Exercise prompt: Lines from the start of the data through the line containing "Schoolvoetbalfinale school 3" must be given again exactly. Leave the others out.

Supplied information:

[Start of section]

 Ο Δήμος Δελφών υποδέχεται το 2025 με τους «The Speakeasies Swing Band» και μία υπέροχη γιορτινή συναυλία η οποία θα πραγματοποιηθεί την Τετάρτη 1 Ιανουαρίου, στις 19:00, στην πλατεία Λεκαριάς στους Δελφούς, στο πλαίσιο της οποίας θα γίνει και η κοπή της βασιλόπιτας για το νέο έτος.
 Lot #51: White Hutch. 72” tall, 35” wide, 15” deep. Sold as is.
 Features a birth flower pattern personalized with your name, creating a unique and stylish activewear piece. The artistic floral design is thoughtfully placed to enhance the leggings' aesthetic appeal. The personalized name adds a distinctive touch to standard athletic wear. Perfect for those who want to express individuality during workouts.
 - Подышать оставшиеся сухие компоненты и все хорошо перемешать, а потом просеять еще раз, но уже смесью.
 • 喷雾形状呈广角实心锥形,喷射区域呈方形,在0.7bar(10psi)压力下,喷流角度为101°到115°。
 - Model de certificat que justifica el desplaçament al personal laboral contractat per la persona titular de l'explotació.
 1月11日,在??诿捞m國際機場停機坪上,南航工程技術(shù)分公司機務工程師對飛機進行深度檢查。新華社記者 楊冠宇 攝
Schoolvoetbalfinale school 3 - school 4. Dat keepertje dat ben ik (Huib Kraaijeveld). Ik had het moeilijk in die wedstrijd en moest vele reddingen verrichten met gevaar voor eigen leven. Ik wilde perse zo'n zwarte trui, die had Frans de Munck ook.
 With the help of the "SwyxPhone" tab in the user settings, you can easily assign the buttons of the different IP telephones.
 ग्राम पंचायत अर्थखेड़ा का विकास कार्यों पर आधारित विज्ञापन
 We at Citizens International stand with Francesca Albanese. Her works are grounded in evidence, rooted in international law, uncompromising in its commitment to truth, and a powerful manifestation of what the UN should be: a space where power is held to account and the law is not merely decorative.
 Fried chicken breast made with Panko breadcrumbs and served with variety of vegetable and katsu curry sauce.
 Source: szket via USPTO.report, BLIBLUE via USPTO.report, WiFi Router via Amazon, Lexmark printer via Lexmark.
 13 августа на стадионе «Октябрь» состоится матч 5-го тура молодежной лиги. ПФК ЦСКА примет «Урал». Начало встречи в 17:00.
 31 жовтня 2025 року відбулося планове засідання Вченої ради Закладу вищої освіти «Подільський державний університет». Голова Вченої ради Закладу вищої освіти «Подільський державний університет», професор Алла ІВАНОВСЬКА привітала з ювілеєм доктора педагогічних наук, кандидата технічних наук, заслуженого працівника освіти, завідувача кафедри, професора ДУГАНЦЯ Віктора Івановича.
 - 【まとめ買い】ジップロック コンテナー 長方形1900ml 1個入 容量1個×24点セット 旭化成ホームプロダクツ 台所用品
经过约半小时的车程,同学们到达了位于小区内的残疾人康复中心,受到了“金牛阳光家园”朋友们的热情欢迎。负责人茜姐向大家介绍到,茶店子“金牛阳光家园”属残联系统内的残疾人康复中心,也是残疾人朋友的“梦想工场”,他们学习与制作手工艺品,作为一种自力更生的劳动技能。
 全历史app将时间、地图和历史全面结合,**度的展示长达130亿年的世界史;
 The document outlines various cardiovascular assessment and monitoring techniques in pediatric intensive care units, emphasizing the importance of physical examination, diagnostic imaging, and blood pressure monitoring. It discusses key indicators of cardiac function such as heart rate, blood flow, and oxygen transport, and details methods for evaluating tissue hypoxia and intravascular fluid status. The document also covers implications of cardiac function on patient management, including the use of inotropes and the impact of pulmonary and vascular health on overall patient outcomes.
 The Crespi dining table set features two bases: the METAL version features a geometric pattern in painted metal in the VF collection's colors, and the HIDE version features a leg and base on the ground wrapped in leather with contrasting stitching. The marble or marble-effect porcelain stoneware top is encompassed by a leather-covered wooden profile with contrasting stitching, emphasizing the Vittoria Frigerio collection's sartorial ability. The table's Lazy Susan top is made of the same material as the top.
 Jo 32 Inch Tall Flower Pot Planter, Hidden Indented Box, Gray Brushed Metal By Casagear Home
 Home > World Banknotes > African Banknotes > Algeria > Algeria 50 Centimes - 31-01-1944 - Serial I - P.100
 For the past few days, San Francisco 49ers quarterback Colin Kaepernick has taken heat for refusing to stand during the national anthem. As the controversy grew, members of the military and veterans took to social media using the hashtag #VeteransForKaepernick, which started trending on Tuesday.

[End of section]

Answer to the exercise:
 Ο Δήμος Δελφών υποδέχεται το 2025 με τους «The Speakeasies Swing Band» και μία υπέροχη γιορτινή συναυλία η οποία θα πραγματοποιηθεί την Τετάρτη 1 Ιανουαρίου, στις 19:00, στην πλατεία Λεκαριάς στους Δελφούς, στο πλαίσιο της οποίας θα γίνει και η κοπή της βασιλόπιτας για το νέο έτος.
 Lot #51: White Hutch. 72” tall, 35” wide, 15” deep. Sold as is.
 Features a birth flower pattern personalized with your name, creating a unique and stylish activewear piece. The artistic floral design is thoughtfully placed to enhance the leggings' aesthetic appeal. The personalized name adds a distinctive touch to standard athletic wear. Perfect for those who want to express individuality during workouts.
 - Подышать оставшиеся сухие компоненты и все хорошо перемешать, а потом просеять еще раз, но уже смесью.
 • 喷雾形状呈广角实心锥形,喷射区域呈方形,在0.7bar(10psi)压力下,喷流角度为101°到115°。
 - Model de certificat que justifica el desplaçament al personal laboral contractat per la persona titular de l'explotació.
 1月11日,在??诿捞m國際機場停機坪上,南航工程技術(shù)分公司機務工程師對飛機進行深度檢查。新華社記者 楊冠宇 攝
Schoolvoetbalfinale school 3 - school 4. Dat keepertje dat ben ik (Huib Kraaijeveld). Ik had het moeilijk in die wedstrijd en moest vele reddingen verrichten met gevaar voor eigen leven. Ik wilde perse zo'n zwarte trui, die had Frans de Munck ook.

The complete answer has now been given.